## Action item
From the first line of the listing below to the line with "Der steuerpflichtigen Person", print each line exactly, and nothing more. Leave out the pictures.

- - -

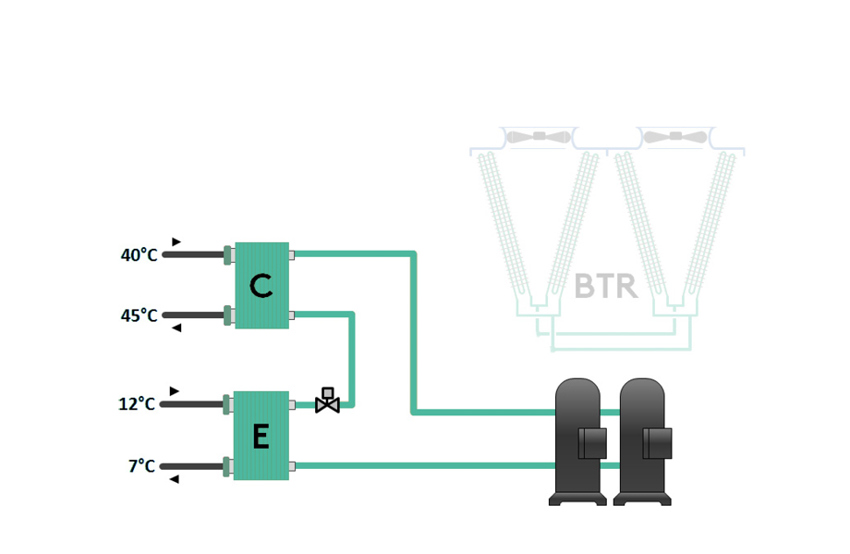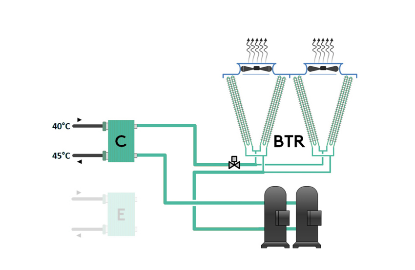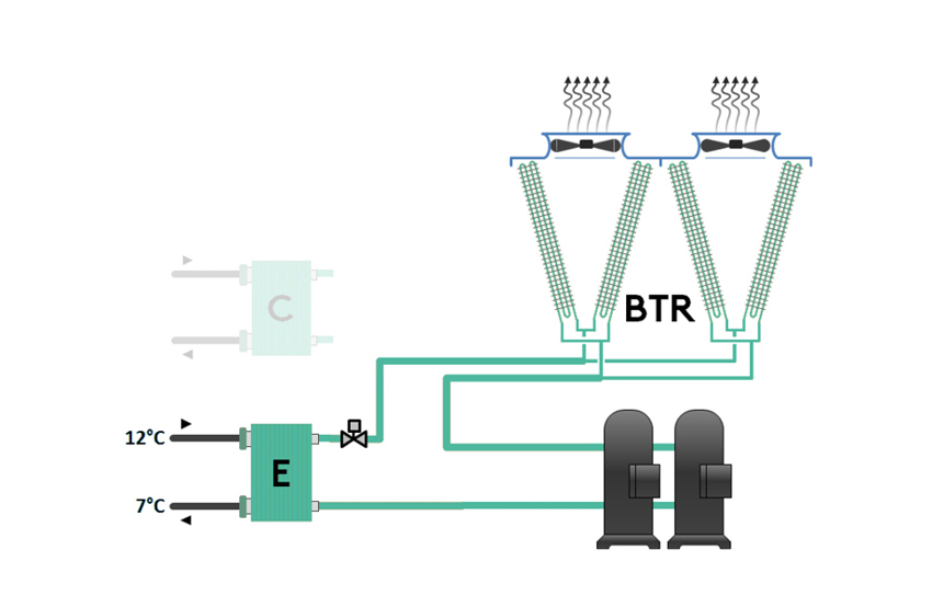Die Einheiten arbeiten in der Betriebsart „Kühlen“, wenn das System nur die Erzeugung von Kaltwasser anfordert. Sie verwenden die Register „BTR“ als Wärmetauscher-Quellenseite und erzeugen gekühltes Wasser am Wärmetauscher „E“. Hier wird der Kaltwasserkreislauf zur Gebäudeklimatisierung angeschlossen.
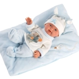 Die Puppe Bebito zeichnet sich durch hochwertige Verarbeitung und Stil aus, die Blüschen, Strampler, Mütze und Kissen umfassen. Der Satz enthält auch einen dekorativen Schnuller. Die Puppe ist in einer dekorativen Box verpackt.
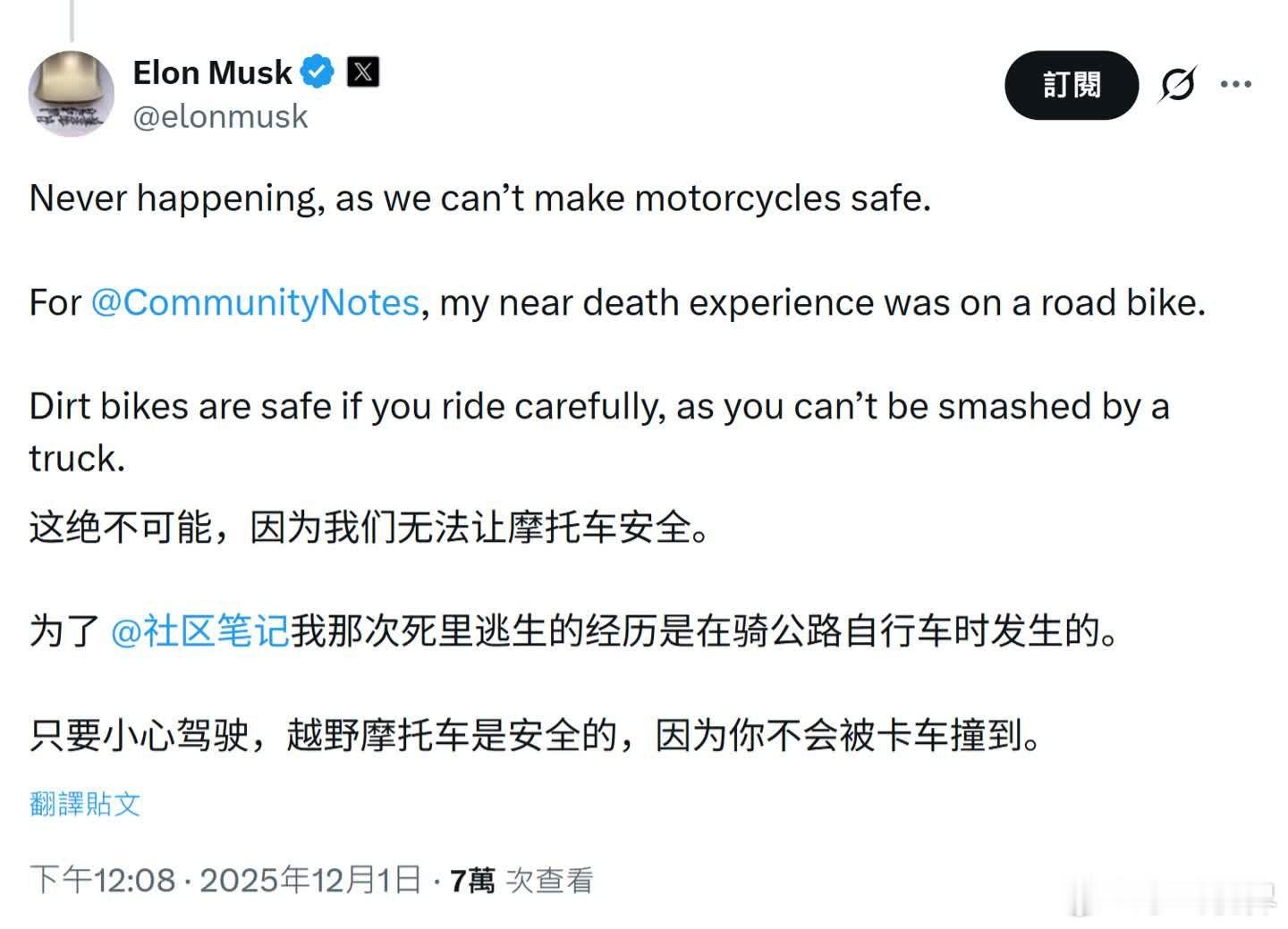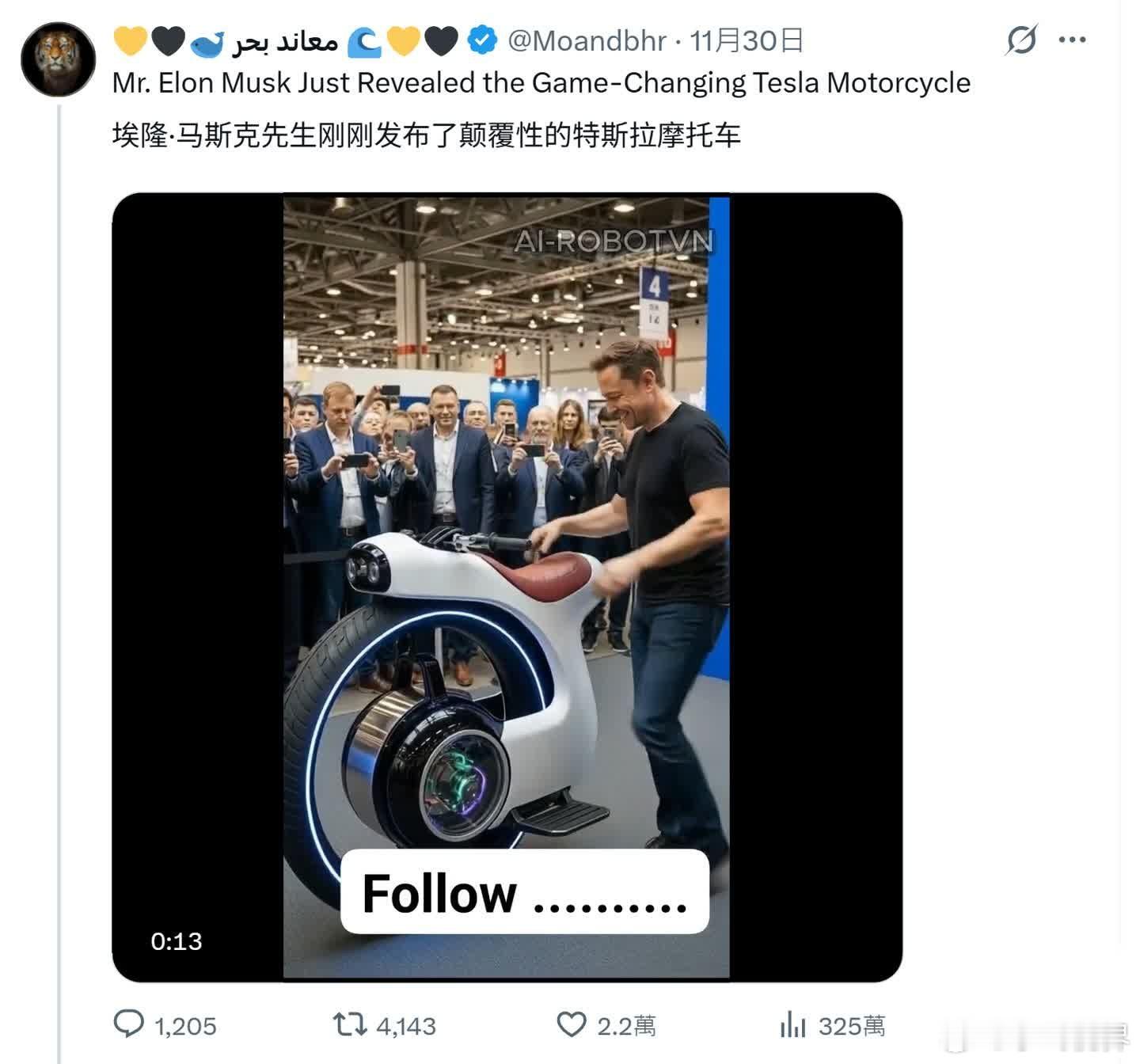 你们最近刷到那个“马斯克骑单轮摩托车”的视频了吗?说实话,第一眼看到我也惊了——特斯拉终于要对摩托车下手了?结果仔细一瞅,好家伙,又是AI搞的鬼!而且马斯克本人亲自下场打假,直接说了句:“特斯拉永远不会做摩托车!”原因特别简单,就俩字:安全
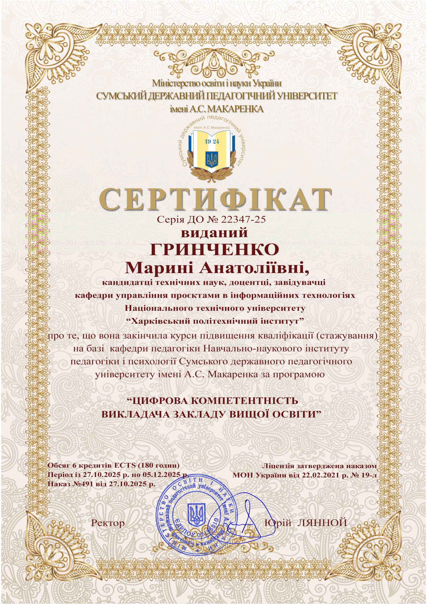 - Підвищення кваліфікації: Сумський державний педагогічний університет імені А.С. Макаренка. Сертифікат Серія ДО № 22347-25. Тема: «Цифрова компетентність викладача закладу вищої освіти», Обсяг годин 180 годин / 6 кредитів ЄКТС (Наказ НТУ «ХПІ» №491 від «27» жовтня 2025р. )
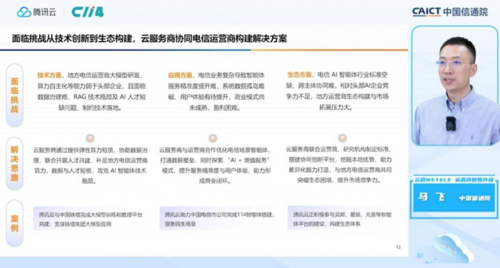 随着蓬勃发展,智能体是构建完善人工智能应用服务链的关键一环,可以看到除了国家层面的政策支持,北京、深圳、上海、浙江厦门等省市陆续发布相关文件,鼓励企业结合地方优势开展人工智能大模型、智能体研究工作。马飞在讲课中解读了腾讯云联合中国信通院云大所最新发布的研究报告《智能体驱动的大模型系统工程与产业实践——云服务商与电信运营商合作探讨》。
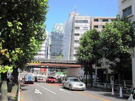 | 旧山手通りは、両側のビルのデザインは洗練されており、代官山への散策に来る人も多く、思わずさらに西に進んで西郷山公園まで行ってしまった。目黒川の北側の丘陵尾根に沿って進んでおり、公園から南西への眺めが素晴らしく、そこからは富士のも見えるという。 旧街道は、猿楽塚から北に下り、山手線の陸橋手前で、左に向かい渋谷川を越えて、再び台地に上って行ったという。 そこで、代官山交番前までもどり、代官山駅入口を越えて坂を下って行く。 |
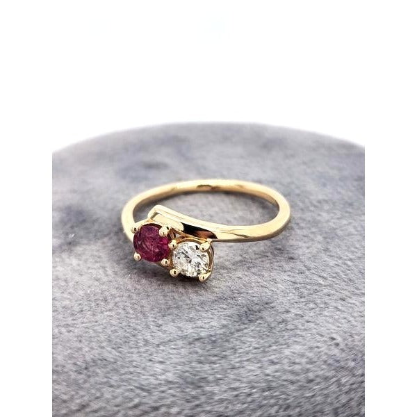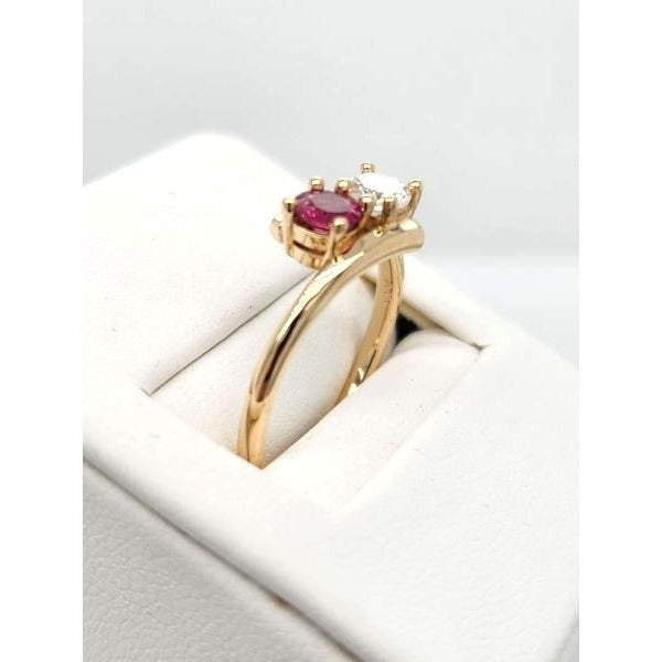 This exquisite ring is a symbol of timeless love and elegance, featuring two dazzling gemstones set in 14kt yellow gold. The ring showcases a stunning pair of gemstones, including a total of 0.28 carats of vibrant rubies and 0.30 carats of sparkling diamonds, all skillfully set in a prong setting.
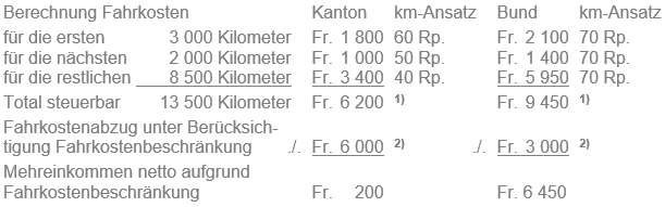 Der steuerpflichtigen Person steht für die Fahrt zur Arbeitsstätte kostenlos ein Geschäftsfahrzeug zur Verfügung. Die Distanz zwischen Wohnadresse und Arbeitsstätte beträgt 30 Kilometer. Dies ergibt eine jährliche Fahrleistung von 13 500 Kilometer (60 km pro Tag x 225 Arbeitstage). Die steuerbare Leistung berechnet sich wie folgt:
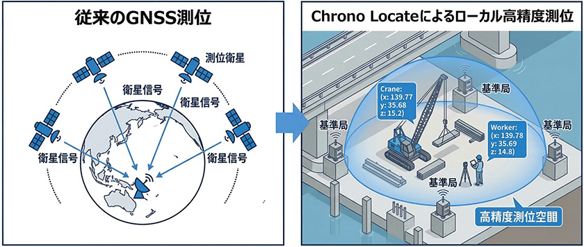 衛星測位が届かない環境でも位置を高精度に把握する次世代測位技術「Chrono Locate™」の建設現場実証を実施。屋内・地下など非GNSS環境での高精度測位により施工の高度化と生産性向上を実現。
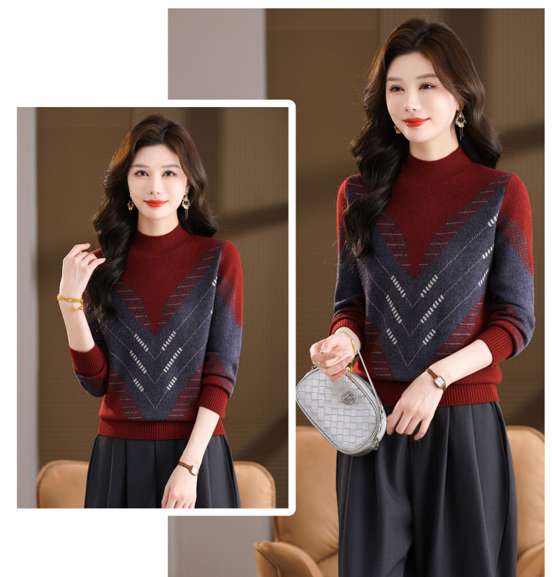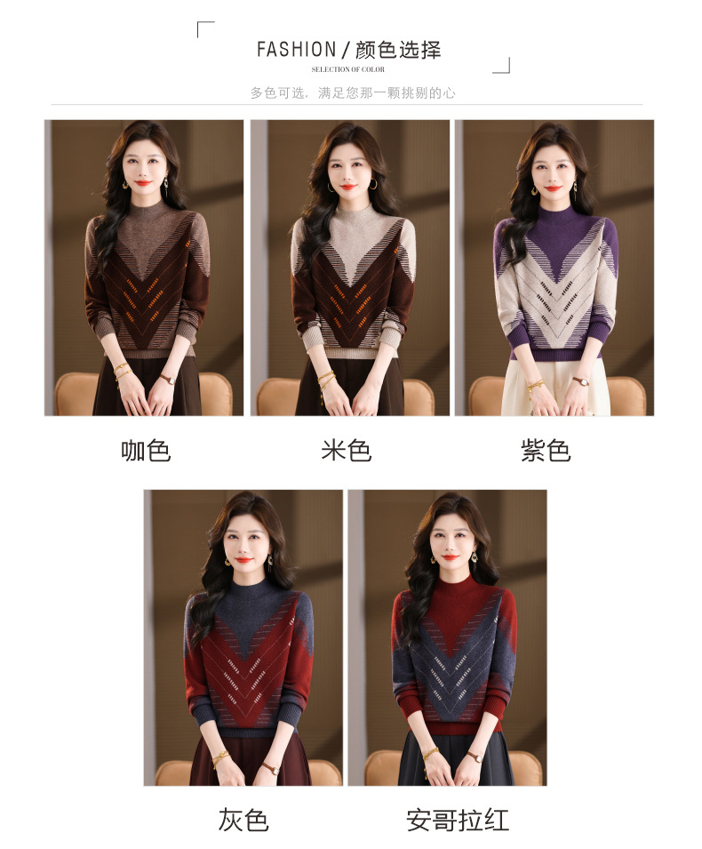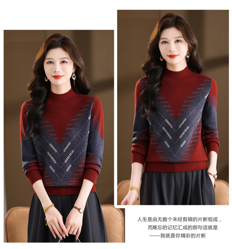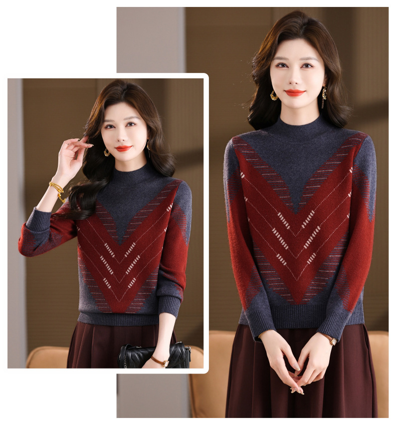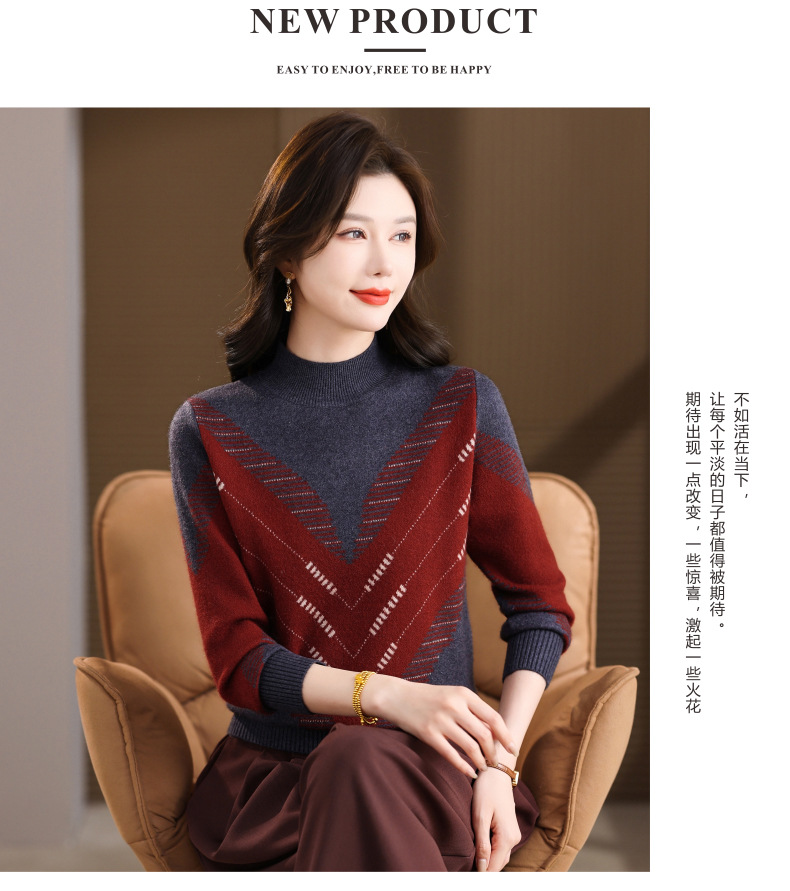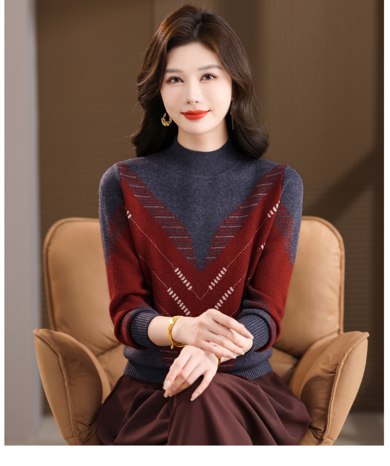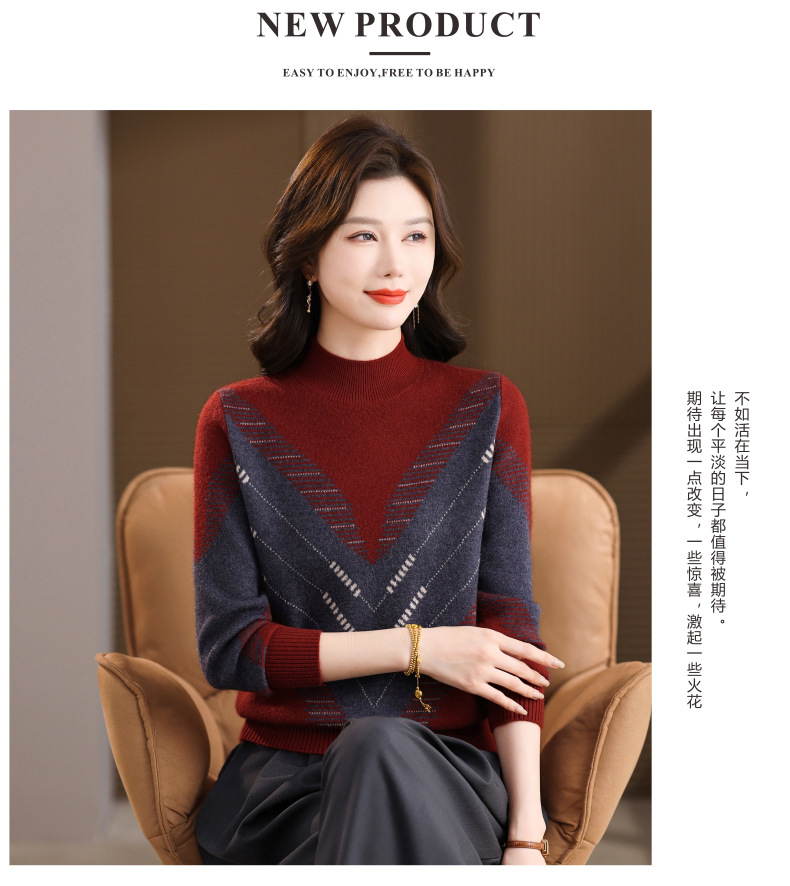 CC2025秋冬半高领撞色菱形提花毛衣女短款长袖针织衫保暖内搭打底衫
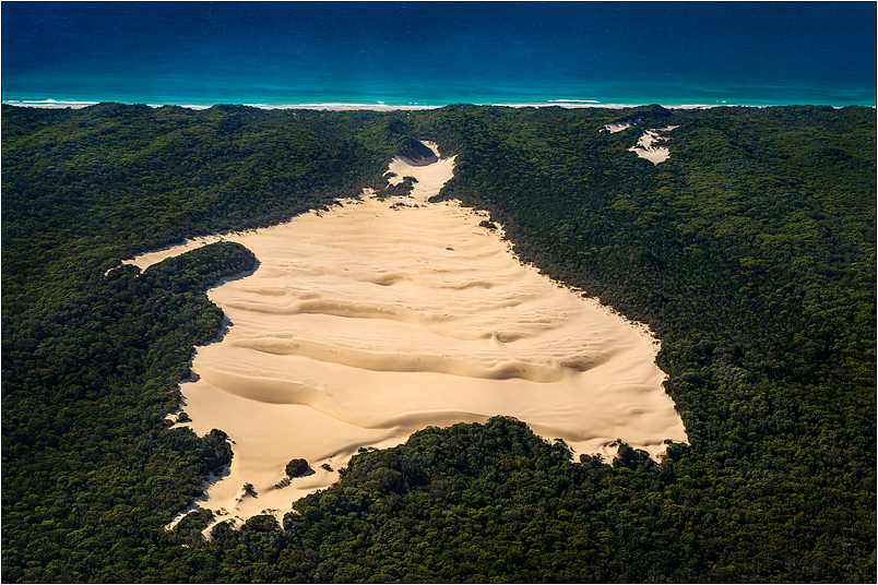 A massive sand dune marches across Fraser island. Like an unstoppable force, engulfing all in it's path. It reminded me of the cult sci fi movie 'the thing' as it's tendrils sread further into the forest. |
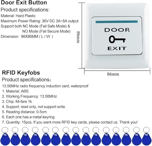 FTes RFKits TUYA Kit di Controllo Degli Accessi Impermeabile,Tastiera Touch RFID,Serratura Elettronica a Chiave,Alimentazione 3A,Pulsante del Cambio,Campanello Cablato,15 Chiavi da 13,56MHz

- - -

## Worked solution
Die Einheiten arbeiten in der Betriebsart „Kühlen“, wenn das System nur die Erzeugung von Kaltwasser anfordert. Sie verwenden die Register „BTR“ als Wärmetauscher-Quellenseite und erzeugen gekühltes Wasser am Wärmetauscher „E“. Hier wird der Kaltwasserkreislauf zur Gebäudeklimatisierung angeschlossen.
 Die Puppe Bebito zeichnet sich durch hochwertige Verarbeitung und Stil aus, die Blüschen, Strampler, Mütze und Kissen umfassen. Der Satz enthält auch einen dekorativen Schnuller. Die Puppe ist in einer dekorativen Box verpackt.
 你们最近刷到那个“马斯克骑单轮摩托车”的视频了吗?说实话,第一眼看到我也惊了——特斯拉终于要对摩托车下手了?结果仔细一瞅,好家伙,又是AI搞的鬼!而且马斯克本人亲自下场打假,直接说了句:“特斯拉永远不会做摩托车!”原因特别简单,就俩字:安全
 - Підвищення кваліфікації: Сумський державний педагогічний університет імені А.С. Макаренка. Сертифікат Серія ДО № 22347-25. Тема: «Цифрова компетентність викладача закладу вищої освіти», Обсяг годин 180 годин / 6 кредитів ЄКТС (Наказ НТУ «ХПІ» №491 від «27» жовтня 2025р. )
 随着蓬勃发展,智能体是构建完善人工智能应用服务链的关键一环,可以看到除了国家层面的政策支持,北京、深圳、上海、浙江厦门等省市陆续发布相关文件,鼓励企业结合地方优势开展人工智能大模型、智能体研究工作。马飞在讲课中解读了腾讯云联合中国信通院云大所最新发布的研究报告《智能体驱动的大模型系统工程与产业实践——云服务商与电信运营商合作探讨》。
 | 旧山手通りは、両側のビルのデザインは洗練されており、代官山への散策に来る人も多く、思わずさらに西に進んで西郷山公園まで行ってしまった。目黒川の北側の丘陵尾根に沿って進んでおり、公園から南西への眺めが素晴らしく、そこからは富士のも見えるという。 旧街道は、猿楽塚から北に下り、山手線の陸橋手前で、左に向かい渋谷川を越えて、再び台地に上って行ったという。 そこで、代官山交番前までもどり、代官山駅入口を越えて坂を下って行く。 |
 This exquisite ring is a symbol of timeless love and elegance, featuring two dazzling gemstones set in 14kt yellow gold. The ring showcases a stunning pair of gemstones, including a total of 0.28 carats of vibrant rubies and 0.30 carats of sparkling diamonds, all skillfully set in a prong setting.
 Der steuerpflichtigen Person steht für die Fahrt zur Arbeitsstätte kostenlos ein Geschäftsfahrzeug zur Verfügung. Die Distanz zwischen Wohnadresse und Arbeitsstätte beträgt 30 Kilometer. Dies ergibt eine jährliche Fahrleistung von 13 500 Kilometer (60 km pro Tag x 225 Arbeitstage). Die steuerbare Leistung berechnet sich wie folgt:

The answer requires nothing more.